I appeal to the powers that be to restore dignity to the county. - John Beech, Kelloe, Durham City.

WATER SUPPLIES

SO the Government is now getting on its moral high horse and indignantly complaining about those dirty ships coming to Britain, are they?

Meanwhile, they are quietly trying to introduce a chemical toxic to our water supply (fluoride) because it might save a few kids' teeth. - F Atkinson, Shincliffe.

IT can be no coincidence that so called mystery illnesses have increased with the increase in toxic chemicals used in our food, drink, medicines, crop sprays, household cleaners, aerosols and pollution from industrial chimneys etc that we all take in, affecting our bodies, minds, immune systems etc.

Fluoride is the most reactive element in the Periodic Table and is the only one that reacts with all the others. The use of fluoride in these products has increased alarmingly.

Fluoride's toxicity is equivalent with that of arsenic. It is not natural to the human body and its presence causes chemical reactions with all those other chemical we never used to have.

Whatever misguided reasons the Government has for wanting to put fluoride in our water supplies cannot be worth the risks to health.

Next week Parliament will vote on doing just that. If we don't want our drinking water poisoned with fluoride, we must write now to our MPs and urge them to vote No to fluoridation of tap water.

If we wait another week it will be too late and another of our freedoms will be gone. - A Hall, Darlington.

PAUL BURRELL

A CONSIDERABLE amount of time and energy seems to have been spent by many people from all walks of life browsing over the contents of Paul Burrell's book, A Royal Duty.

They begin with the Royal Family, then descend to the pathetic figure described as a butler.

If the people who are being caught up and overtaken by this saga would only come off the balcony of Buckingham Palace and stand on the pavement outside they would soon find an answer to the mystery which eludes them.

Paul Burrell was brought up in an era when the "classless society" was in the throes of being invented with the word "promiscuous", as the gateway to the then new modern world.

On entering royal service as a servant, his upbringing placed him at a disadvantage in his appraisal of working for and living within an aristocratic household.

Reading through various criticisms of his book, Mr Burrell appears to have misunderstood his employer's kindness and generous conversation as an approved rising of his social status. - Thomas Conlon, Spennymoor.

GHOST SHIPS

I REFER to the article "Should we allow the ghost fleet to dock?" (Echo, Nov 4).

The case against, put by Mike Childs of Friends of the Earth, hardly merits recognition.

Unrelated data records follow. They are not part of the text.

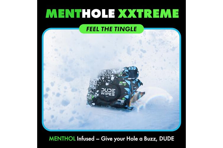 MENTHOL INFUSED COOLING WIPES: Menthol-infused flushable wipes built for a clean you can FEEL. Each XL wipe delivers a crisp menthol feel and a cooling sensation that lets you know you've entered XXtreme clean territory. Due to the cooling nature, MentHOLE XXtreme wipes may not be suitable for sensitive areas
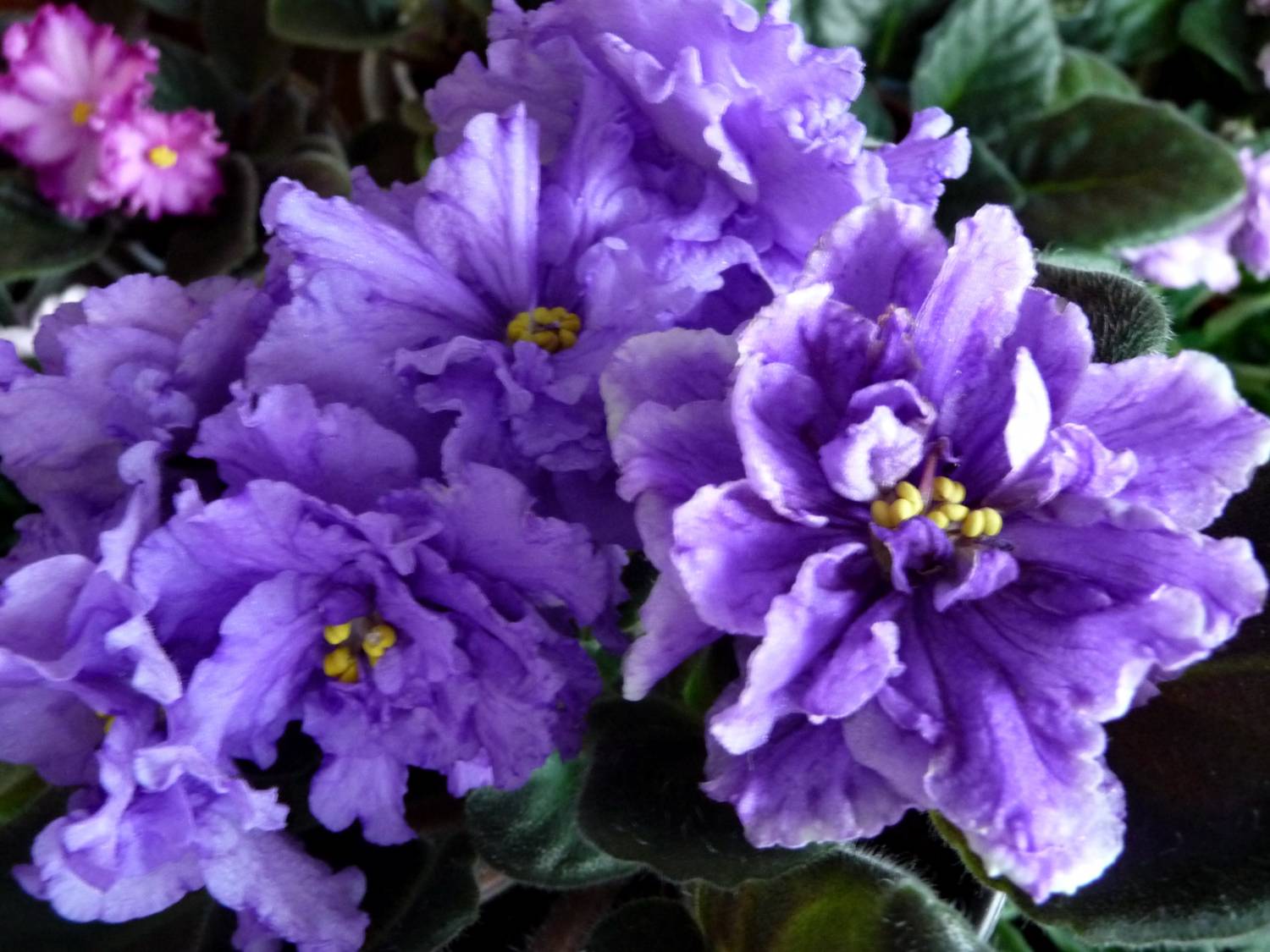 | Наташа, Наталья, спасибо! Цитата (Наталья) А как он в сравнении с Владимиром? Для сравнения сорвала уже вялый цветок Витязя и положила (справа) на розетку с цветущим Владимиром. Как обычно синий цвет фотик передавать хорошо не хочет. У Витязя пока первые 2 цветоноса на молодой розетке, поэтому по стабильности и цветению сравнивать их пока рано. Форма цветов разная + кайма и форма листьев разная (у Витязя ровные темно-зеленые округлые).
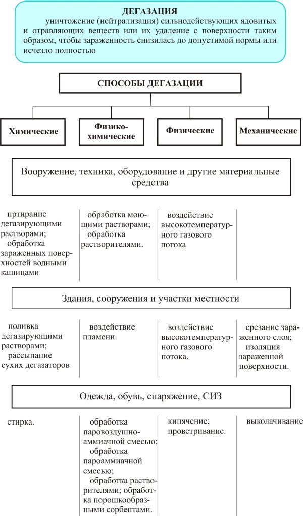 Дегазация одежды, обуви, средств индивидуальной защиты осуществляется, в основном, кипячением, обработкой пароамми ачной смесью, стиркой и проветриванием.
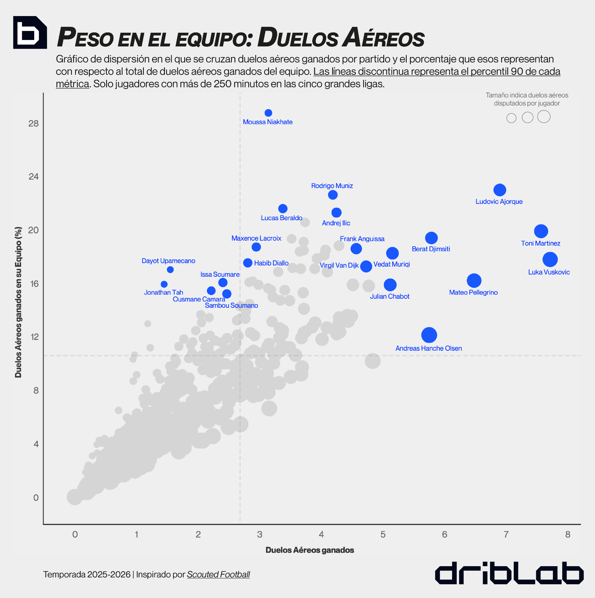 El central croata promedia 7.7 duelos aéreos ganados de cada 10 disputados. Nadie gana más duelos aéreos por partido que Vuskovic. En términos de responsabilidad también está en el 10% superior. Se hace cargo del 17% de los duelos aéreos ganados del Hamburgo.
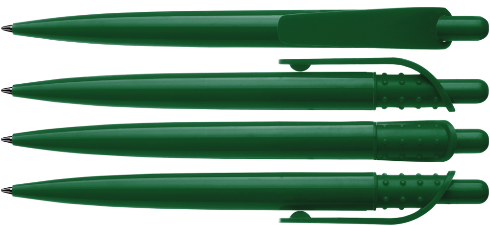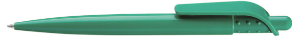 Druckkugelschreiber mit gedeckt glänzendem Gehäuse und großem Clip an genoppter Clipaufhängung. mehr
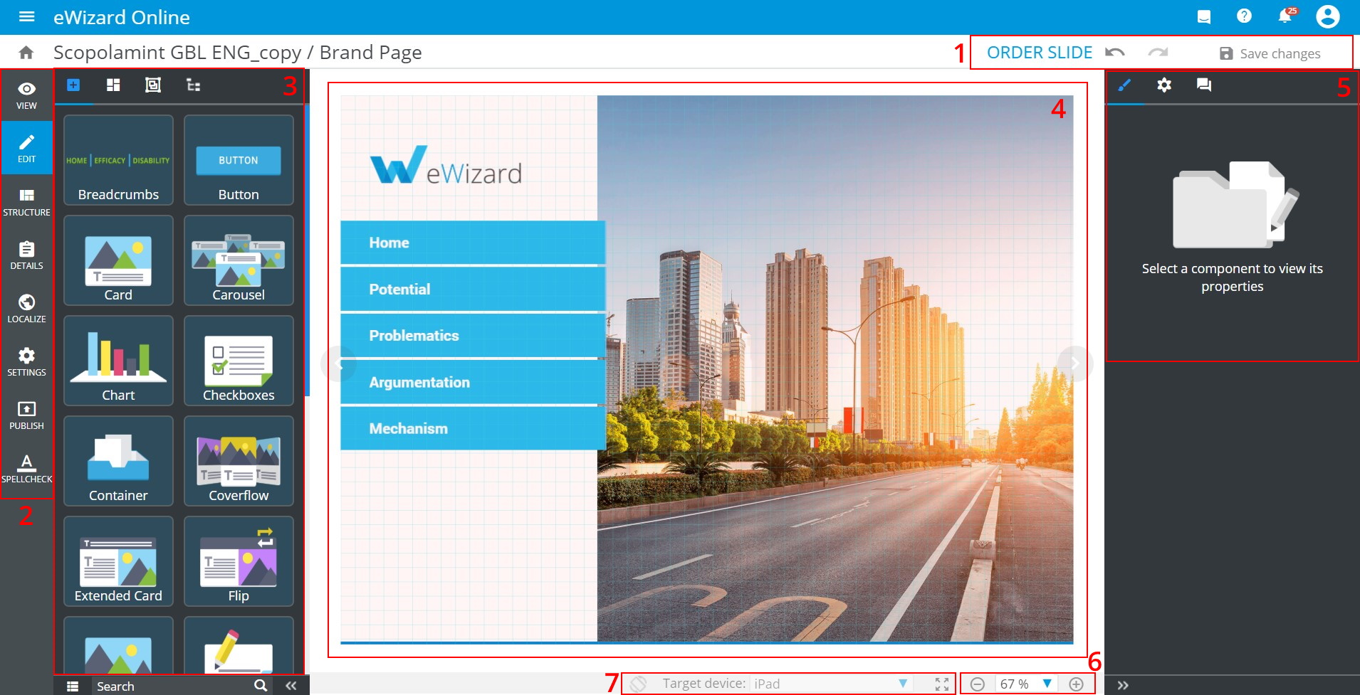 The tools sidebar [5] with properties, general styles, and comments.
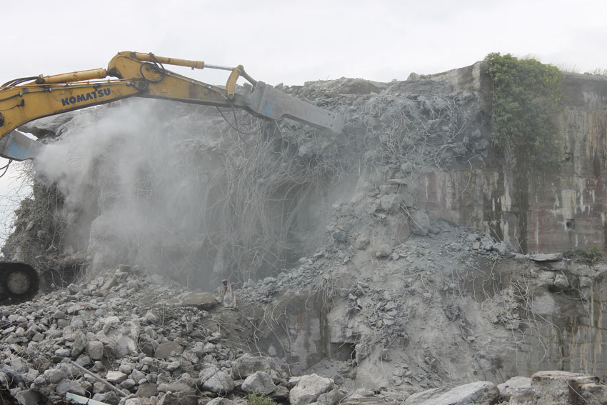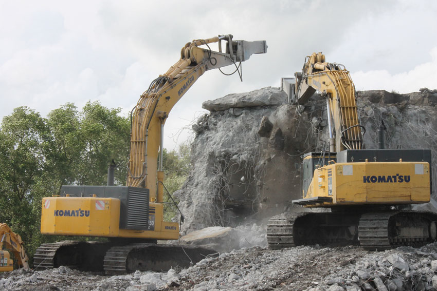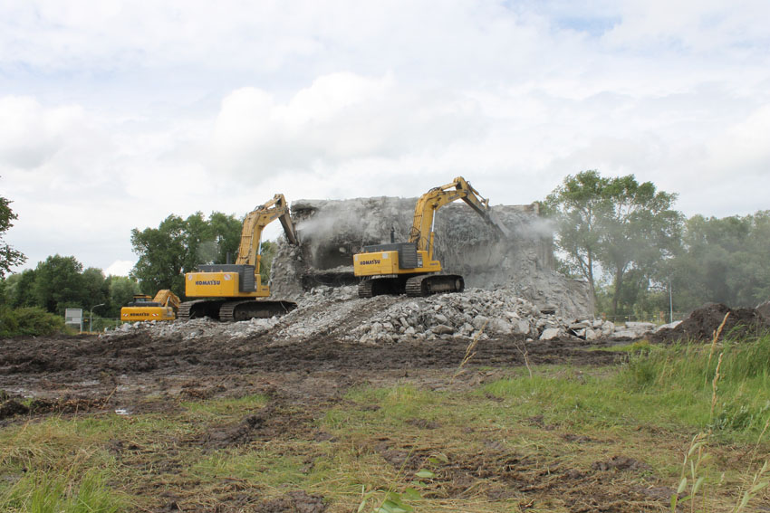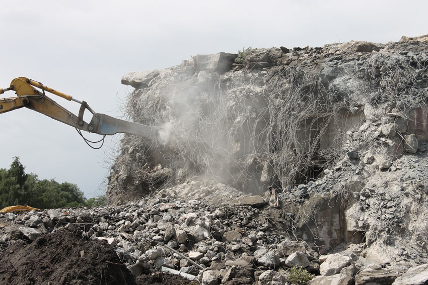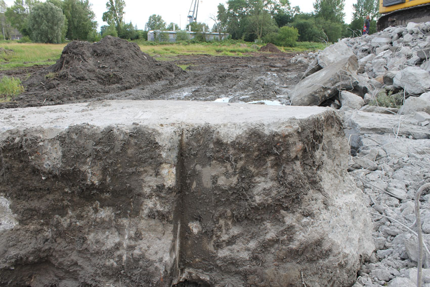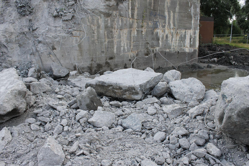 Abrisstag 7: Der gesamte Südbereich des Bunkers wurde weiter abgetragen. Es wird im Bereich des OG1 und 2 immer weiter in Richtung Bunkermitte vorgedrungen. Der Rest des Lüftungsturmes wurde vom Dach gestoßen und liegt nun östlich des Bunkers. Am Bunker Ost wurde der Ostsplitterschutzvorbau vom aufgeschütteten Erdreich befreit. Alles deutet auf einen baldigen Abrissbeginn hin, wir rechnen mit Mittwoch.
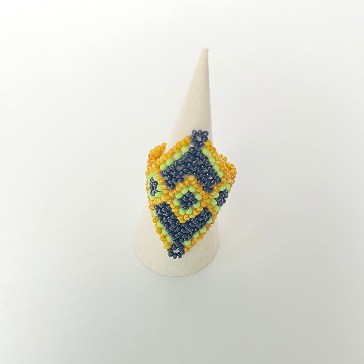 ブラジルの先住民族 Xucuru(シュクルー)族の女性たちが極小ビーズを手編みして作っているビーズリングです。
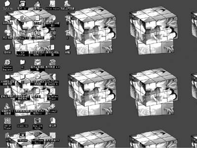 关闭《我形我速》,点桌面上的“我的电脑”,在电脑中找到刚才做成的“魔方”,选取它,按鼠标右键,在弹出的菜单中选“设置为桌面背景”,回到桌面,现在你看桌面是不是已经生成动态的魔方了(图9)?有意思吧!,现在你可以在你MM面前炫耀一番了。呵呵,赶快动手也做一个吧!
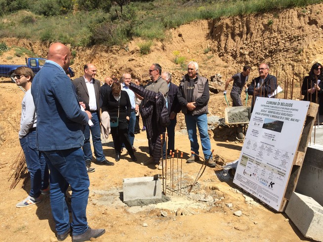 Symboliquement, Lionel Mortini, maire de Belgude avait souhaité que la pose de la première pierre di a custruzione d'una scola e d'un spaziu suprtivu ait lieu ce 5 mai, date anniversaire de la tragédie de Furiani.

He reckons that the 13 vessels are carrying "over half a million tons of oil and fuel". By my calculations that equates to an average of over 38,000 tons per vessel, where on earth does he get these sort of figures from? Scaremongering par excellence.

By comparison, it was refreshing to read the well-balanced remarks by your other three contributors to the article.

I have been to some of the Third World ship dismantling yards and Bob Gibson's remarks about these places are certainly true. - Capt Ray Arkless, Witton-le-Wear.

I HAVE never written to a newspaper before, however the current wave of silliness over the so-called ghost ships, impels me.

Firstly, the ships being brought to Hartlepool for breaking up are ordinary ships the like of which have been broken up on the North-East coast since the first iron ships built here became obsolete.

All ships had asbestos in their construction, lagging around steam pipes, boilers and, in this case, I imagine turbines. The safe disposal of which the breakers are well practised in.

Friends of the Earth, who by quoting a few small truths in a highly emotive manner, blowing them up out of all proportion ably assisted by a few ill-informed politicians, have got Hartlepool Borough Council on the run, plus the odd member of the Environment Department.

Hartlepool must be a rich town indeed if it can afford to turn down 200 jobs and an £11m contract through sheer want of informing themselves. I wonder whether Able UK could sue? - Norman Oddy, West Scrafton, Leyburn.